Data excerpt:
--------

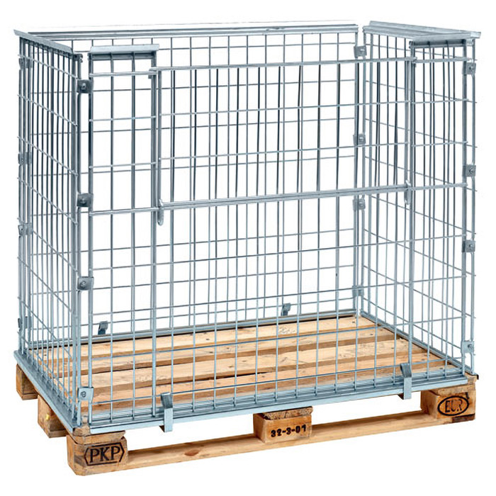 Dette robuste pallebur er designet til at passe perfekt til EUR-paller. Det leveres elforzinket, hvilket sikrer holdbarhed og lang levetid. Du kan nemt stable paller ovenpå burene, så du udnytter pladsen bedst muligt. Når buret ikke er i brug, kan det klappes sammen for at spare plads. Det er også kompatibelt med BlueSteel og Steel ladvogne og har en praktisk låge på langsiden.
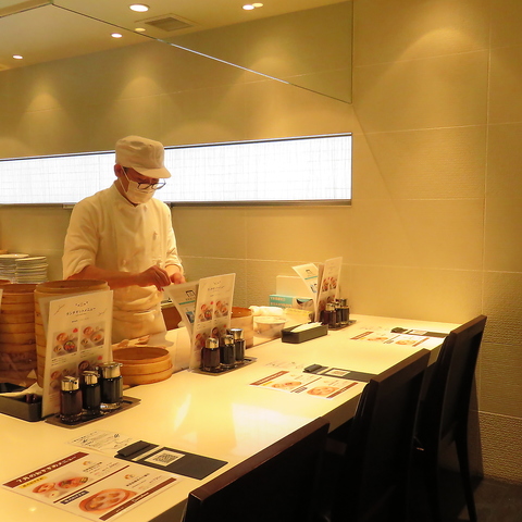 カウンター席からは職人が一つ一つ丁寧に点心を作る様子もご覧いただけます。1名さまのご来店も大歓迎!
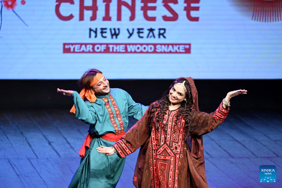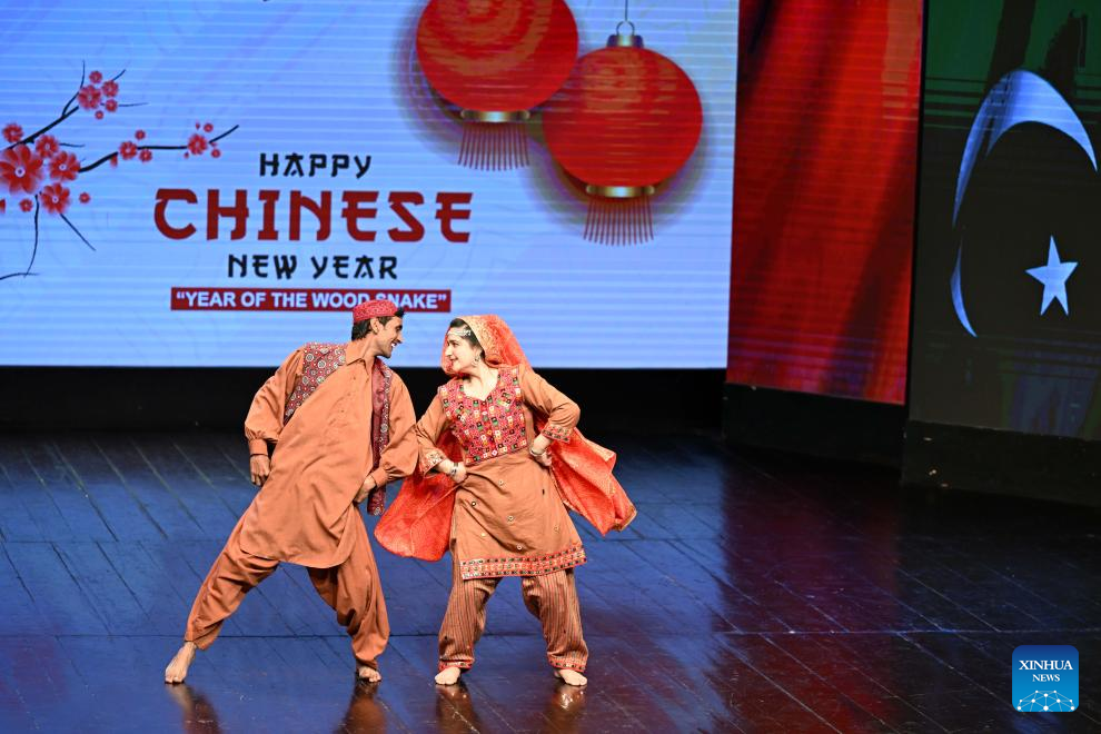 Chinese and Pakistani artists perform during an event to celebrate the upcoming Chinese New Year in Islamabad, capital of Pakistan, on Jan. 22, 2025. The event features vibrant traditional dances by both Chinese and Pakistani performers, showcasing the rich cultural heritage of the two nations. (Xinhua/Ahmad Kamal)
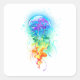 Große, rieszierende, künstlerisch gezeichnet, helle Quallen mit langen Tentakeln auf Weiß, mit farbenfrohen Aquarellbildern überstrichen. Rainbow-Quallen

--------

What to do: Return, exactly as they stand, the lines from the opening line of the listing through the line with "カウンター席からは職人が一つ", both ends counted, and no pictures.

Completed task:
 Dette robuste pallebur er designet til at passe perfekt til EUR-paller. Det leveres elforzinket, hvilket sikrer holdbarhed og lang levetid. Du kan nemt stable paller ovenpå burene, så du udnytter pladsen bedst muligt. Når buret ikke er i brug, kan det klappes sammen for at spare plads. Det er også kompatibelt med BlueSteel og Steel ladvogne og har en praktisk låge på langsiden.
 カウンター席からは職人が一つ一つ丁寧に点心を作る様子もご覧いただけます。1名さまのご来店も大歓迎!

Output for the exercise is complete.